Records from a data collection:
"""

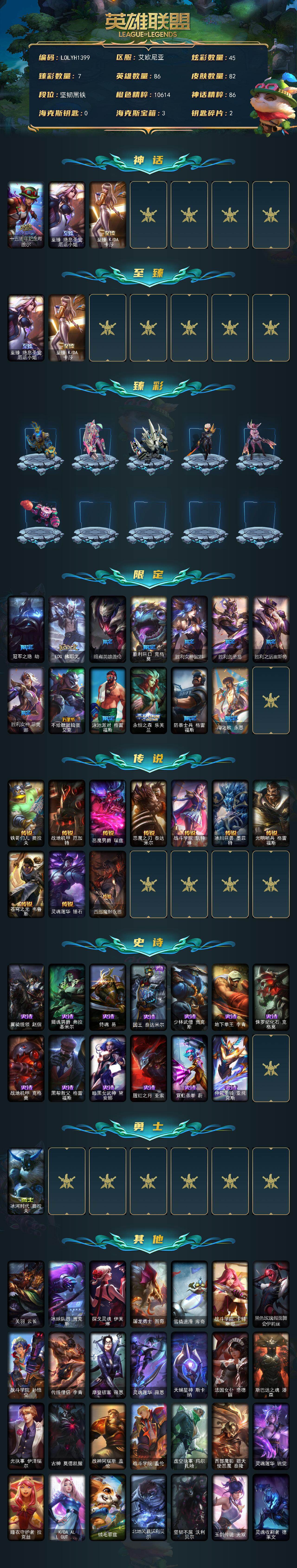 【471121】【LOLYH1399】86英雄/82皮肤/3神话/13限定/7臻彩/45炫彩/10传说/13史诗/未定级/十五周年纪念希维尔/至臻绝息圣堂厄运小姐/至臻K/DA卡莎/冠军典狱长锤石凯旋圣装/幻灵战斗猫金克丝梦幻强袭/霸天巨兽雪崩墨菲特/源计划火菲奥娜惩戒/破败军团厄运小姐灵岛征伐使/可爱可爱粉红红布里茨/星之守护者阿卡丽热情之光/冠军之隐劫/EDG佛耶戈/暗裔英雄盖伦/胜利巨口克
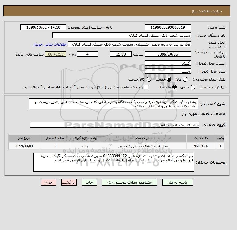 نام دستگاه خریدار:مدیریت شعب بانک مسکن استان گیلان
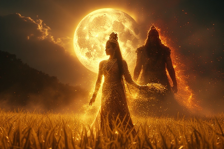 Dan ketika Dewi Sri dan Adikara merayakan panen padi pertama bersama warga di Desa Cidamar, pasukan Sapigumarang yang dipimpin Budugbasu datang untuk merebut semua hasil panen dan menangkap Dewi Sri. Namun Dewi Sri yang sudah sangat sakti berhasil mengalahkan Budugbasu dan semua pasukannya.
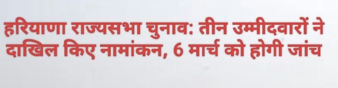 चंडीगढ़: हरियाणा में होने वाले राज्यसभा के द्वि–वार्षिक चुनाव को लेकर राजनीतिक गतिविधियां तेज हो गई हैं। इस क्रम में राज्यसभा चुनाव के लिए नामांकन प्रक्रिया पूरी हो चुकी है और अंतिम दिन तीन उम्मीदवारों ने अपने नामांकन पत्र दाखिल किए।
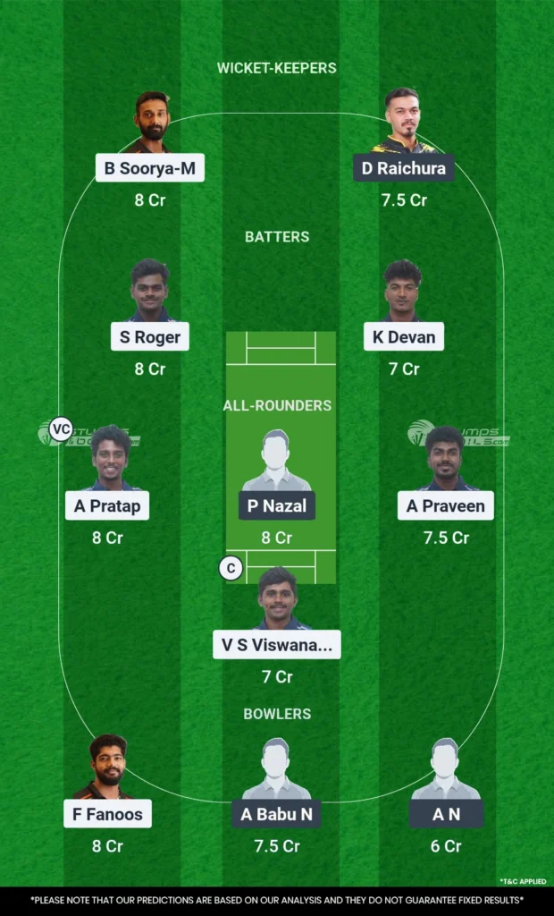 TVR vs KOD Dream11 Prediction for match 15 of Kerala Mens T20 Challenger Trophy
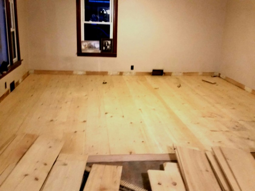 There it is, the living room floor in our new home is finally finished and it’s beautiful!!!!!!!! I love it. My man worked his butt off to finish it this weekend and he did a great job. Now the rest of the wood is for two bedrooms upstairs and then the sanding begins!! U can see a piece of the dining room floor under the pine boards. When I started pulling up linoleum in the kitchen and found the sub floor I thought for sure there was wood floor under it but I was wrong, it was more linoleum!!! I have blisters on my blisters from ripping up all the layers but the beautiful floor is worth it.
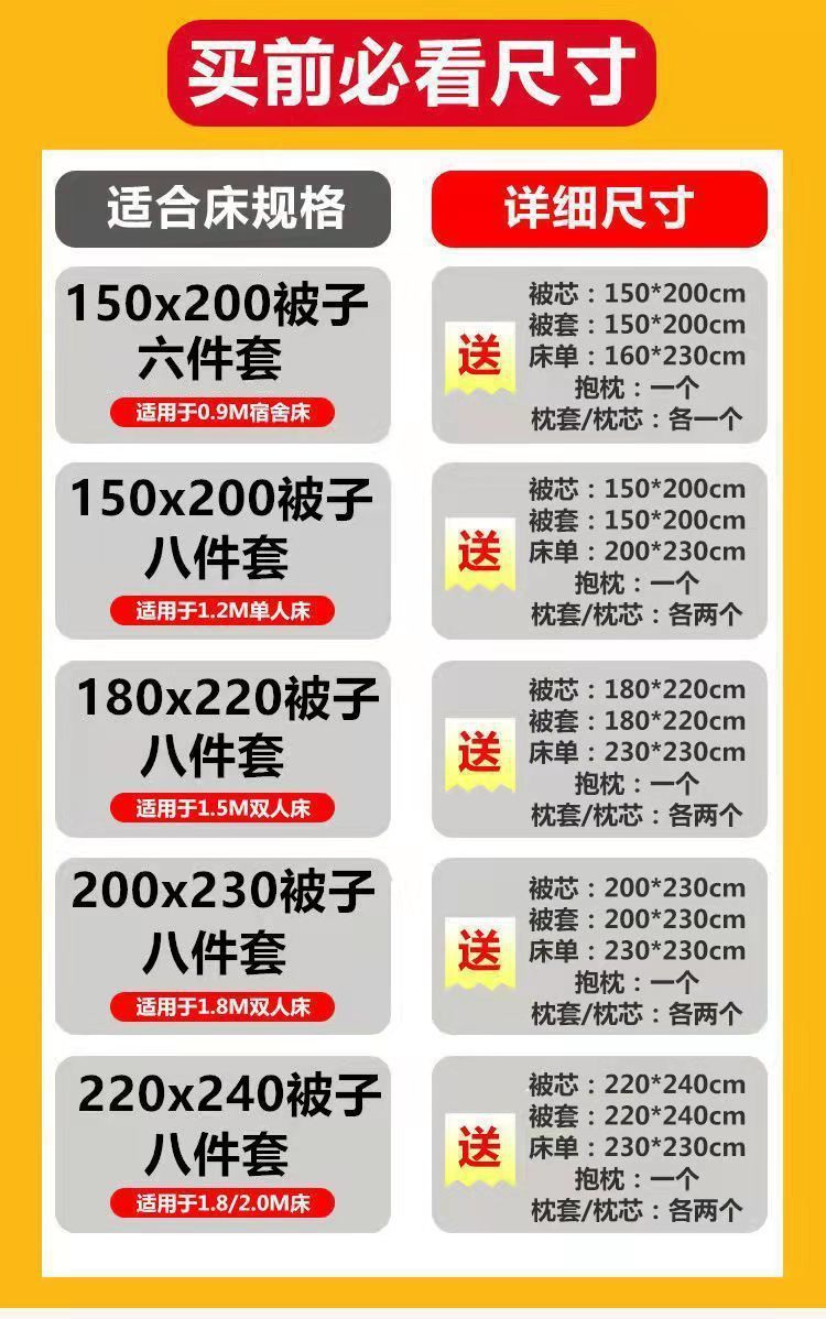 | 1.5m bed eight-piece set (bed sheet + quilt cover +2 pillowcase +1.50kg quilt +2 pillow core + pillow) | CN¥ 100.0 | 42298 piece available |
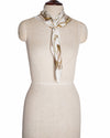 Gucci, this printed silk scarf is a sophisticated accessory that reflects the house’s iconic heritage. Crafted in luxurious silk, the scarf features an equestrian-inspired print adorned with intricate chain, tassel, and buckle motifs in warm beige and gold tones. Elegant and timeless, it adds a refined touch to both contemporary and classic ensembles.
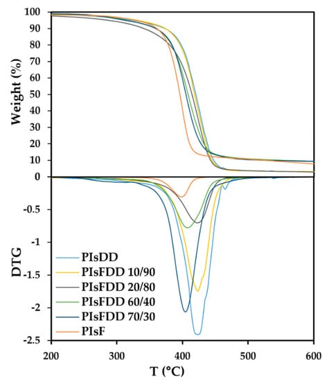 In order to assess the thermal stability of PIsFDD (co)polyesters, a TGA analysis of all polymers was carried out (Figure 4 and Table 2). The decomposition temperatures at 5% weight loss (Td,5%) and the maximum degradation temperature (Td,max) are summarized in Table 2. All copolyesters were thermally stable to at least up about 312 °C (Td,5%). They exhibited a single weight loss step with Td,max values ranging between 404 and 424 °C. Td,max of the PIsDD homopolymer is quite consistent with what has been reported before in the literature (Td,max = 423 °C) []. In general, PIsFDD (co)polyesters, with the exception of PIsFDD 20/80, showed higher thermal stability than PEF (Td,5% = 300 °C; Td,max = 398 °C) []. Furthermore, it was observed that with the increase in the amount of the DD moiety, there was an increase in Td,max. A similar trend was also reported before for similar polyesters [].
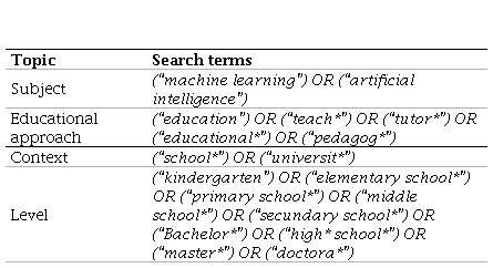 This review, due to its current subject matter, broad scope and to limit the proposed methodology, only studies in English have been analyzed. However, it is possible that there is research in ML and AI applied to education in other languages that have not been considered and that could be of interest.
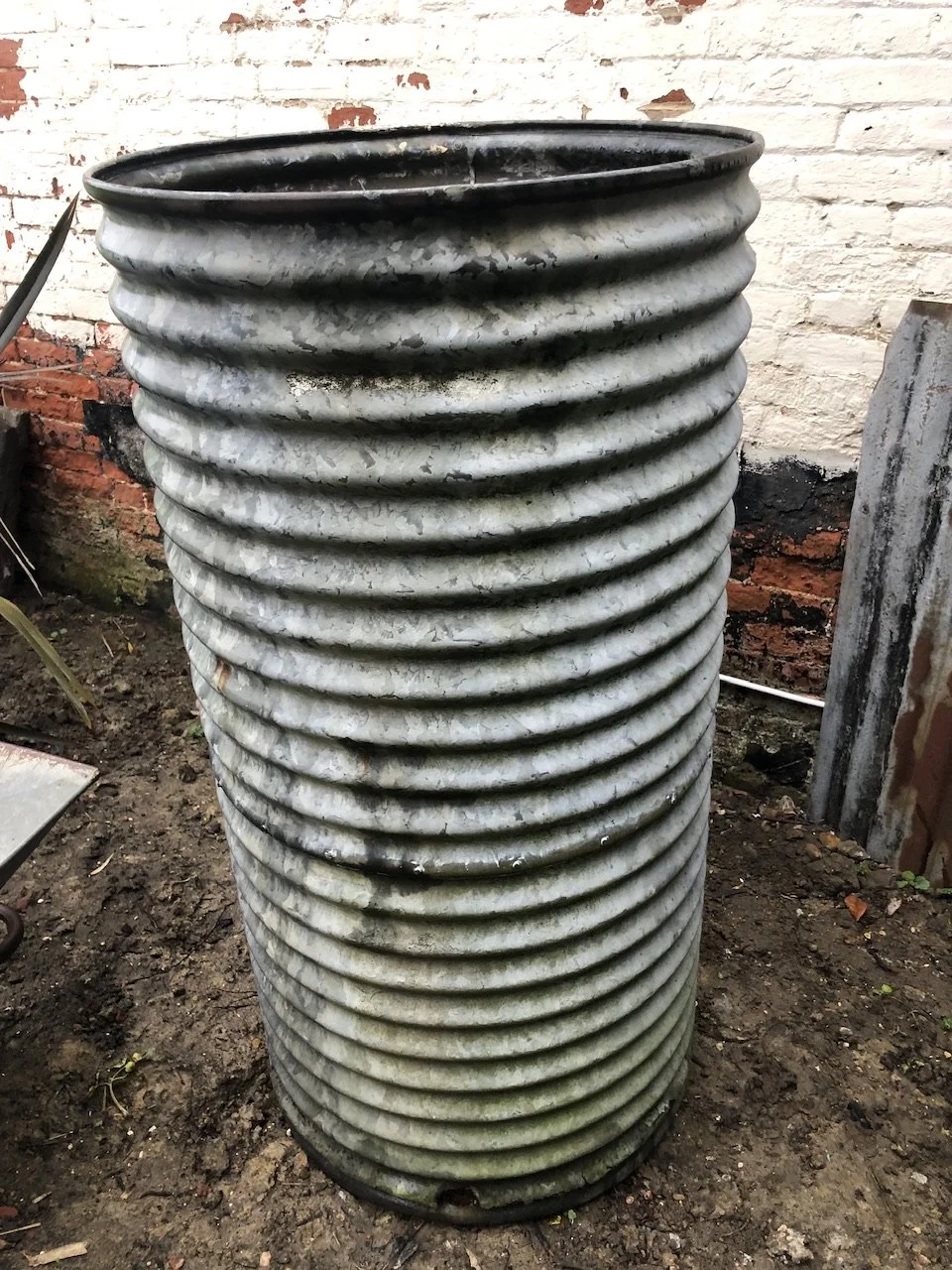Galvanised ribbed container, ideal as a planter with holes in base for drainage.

"""

◆ **Task details**:
An exact copy is needed of the entries above, starting at the line that holds "चंडीगढ़: हरियाणा में" and stopping at the line that holds "piece available |", both kept; pictures stay out.

◆ **Written response**:
 चंडीगढ़: हरियाणा में होने वाले राज्यसभा के द्वि–वार्षिक चुनाव को लेकर राजनीतिक गतिविधियां तेज हो गई हैं। इस क्रम में राज्यसभा चुनाव के लिए नामांकन प्रक्रिया पूरी हो चुकी है और अंतिम दिन तीन उम्मीदवारों ने अपने नामांकन पत्र दाखिल किए।
 TVR vs KOD Dream11 Prediction for match 15 of Kerala Mens T20 Challenger Trophy
 There it is, the living room floor in our new home is finally finished and it’s beautiful!!!!!!!! I love it. My man worked his butt off to finish it this weekend and he did a great job. Now the rest of the wood is for two bedrooms upstairs and then the sanding begins!! U can see a piece of the dining room floor under the pine boards. When I started pulling up linoleum in the kitchen and found the sub floor I thought for sure there was wood floor under it but I was wrong, it was more linoleum!!! I have blisters on my blisters from ripping up all the layers but the beautiful floor is worth it.
 | 1.5m bed eight-piece set (bed sheet + quilt cover +2 pillowcase +1.50kg quilt +2 pillow core + pillow) | CN¥ 100.0 | 42298 piece available |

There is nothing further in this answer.